One of the ironies of idols is that they often destroy that which they supposedly value.
Patriotism, unchecked by other vital values, can morph into raw nationalism that ruins the beloved nation.
Appreciation for one’s ancestors and/or culture, taken too far, can turn into racism or xenophobia that leaves one resentful instead of grateful.
Earning a living, providing for one’s future and being generous toward those in need are worthy aims. Unbalanced by satisfaction and gratitude and a measure of humility, however, they become a mad quest for significance and security that destroys one’s family instead of preserving it. (Jesus famously said, “No man can serve two masters,” referring to the mutually excluding sovereignties of God and money.)

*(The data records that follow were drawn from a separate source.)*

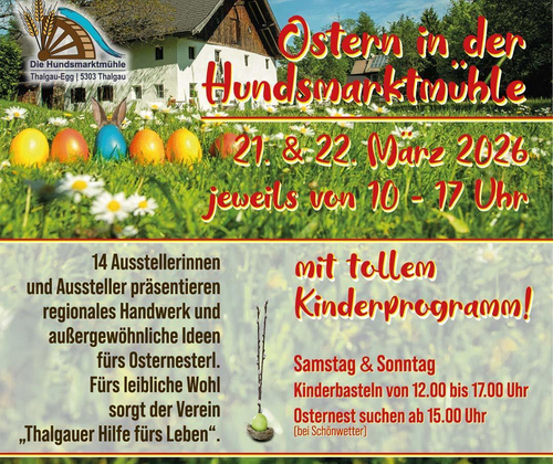 Ostern in der Hundsmarktmühle   Ein Ausflug für die ganze Familie. Kaffee & Kuchen Buffet, Kinderprogramm & viele Geschenkideen.  Am kommenden Samstag & Sonntag von 10-17 Uhr, direkt am schönen Fuschlsee-Rundwanderweg gelegen.  Schaut’s vorbei!
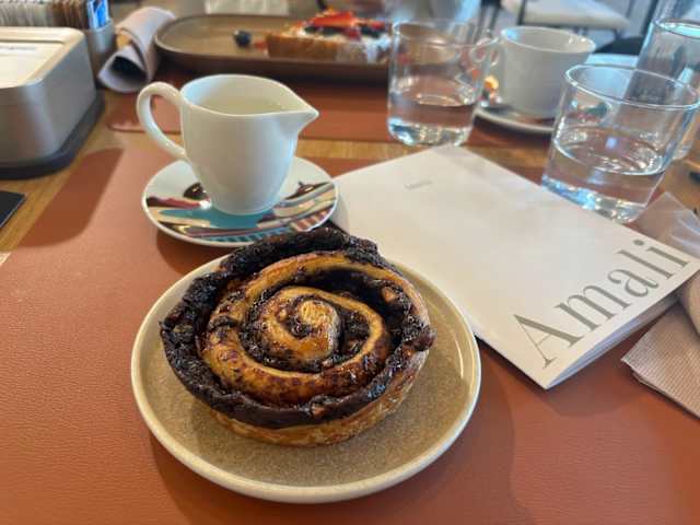 - Toasted brioche bread with custard, salted pistachio cream, chopped pistachios, white chocolate chips and a pinch of salt.
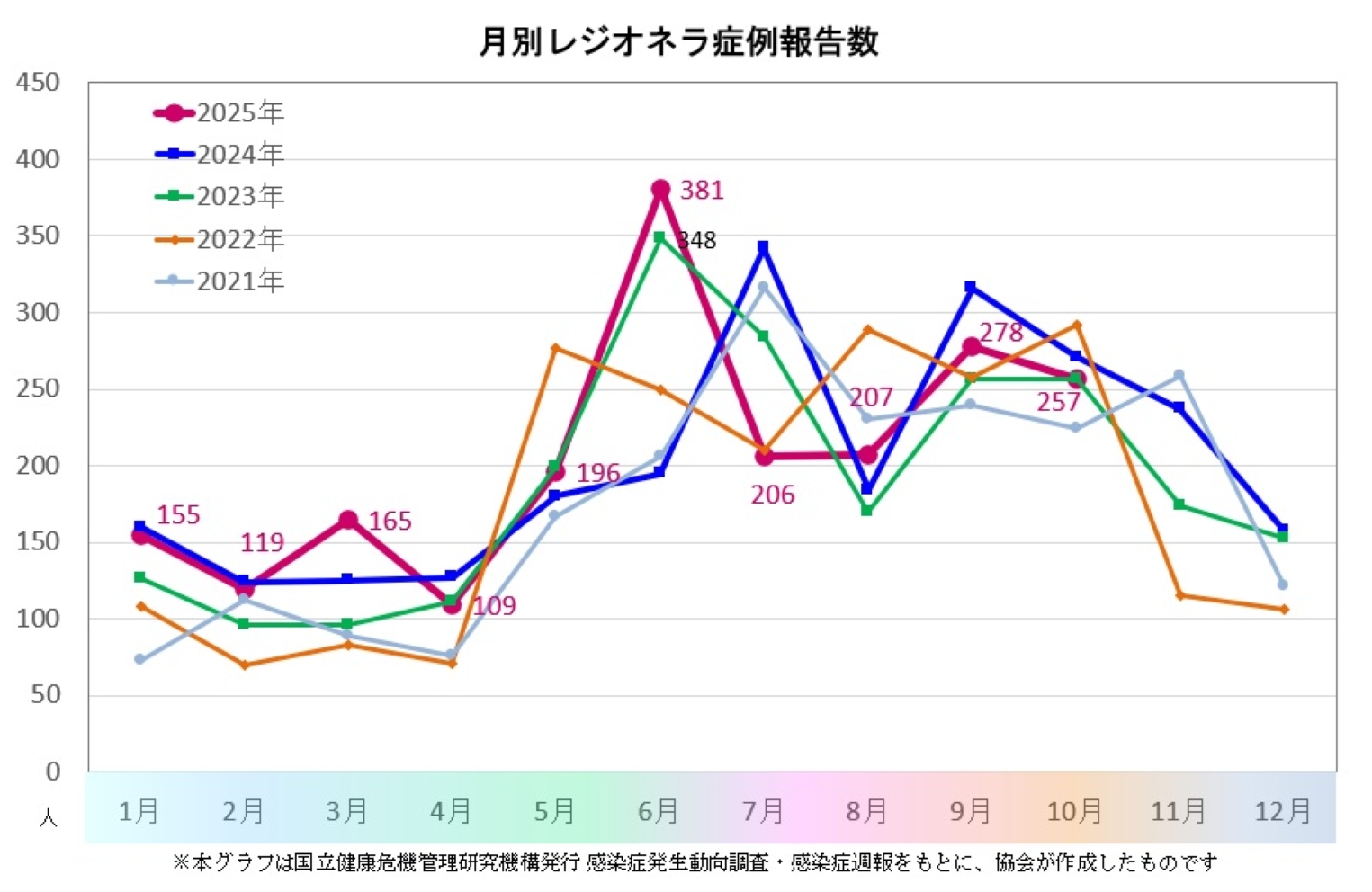 このページのグラフは、国立健康危機管理研究機構(JIHS)が公表する感染症発生動向調査週報(IDWR)のデータに基づき、協会が作成したものです。

Likewise education should be a means to a useful, generous and appreciative life, but if made an end itself, it can breed debt, dependency, entitlement and contempt – or even contempt for those who enjoy the material benefits of more overtly productive pursuits.
We can put too much of our emotional and spiritual stock even in ostensibly altruistic efforts.
In this season the low-hanging fruit for decrying idolatry is football. In its proper context it’s a community-building event, a builder of physical and emotional strength and an economic engine. Unfortunately, its description as the South’s second religion is too often not an exaggeration, and outsized devotion to one team or another has spurred many an individual act of incivility, not to mention the exchange of blasphemies and general ill will over exaggerated differences and ignored similarities.
One key to minimizing our own modern forms of idolatry is found in Paul’s first letter to the church in Corinth. He reminds disciples that “… whatever you do, do all to the glory of God” (1 Corinthians 10:31).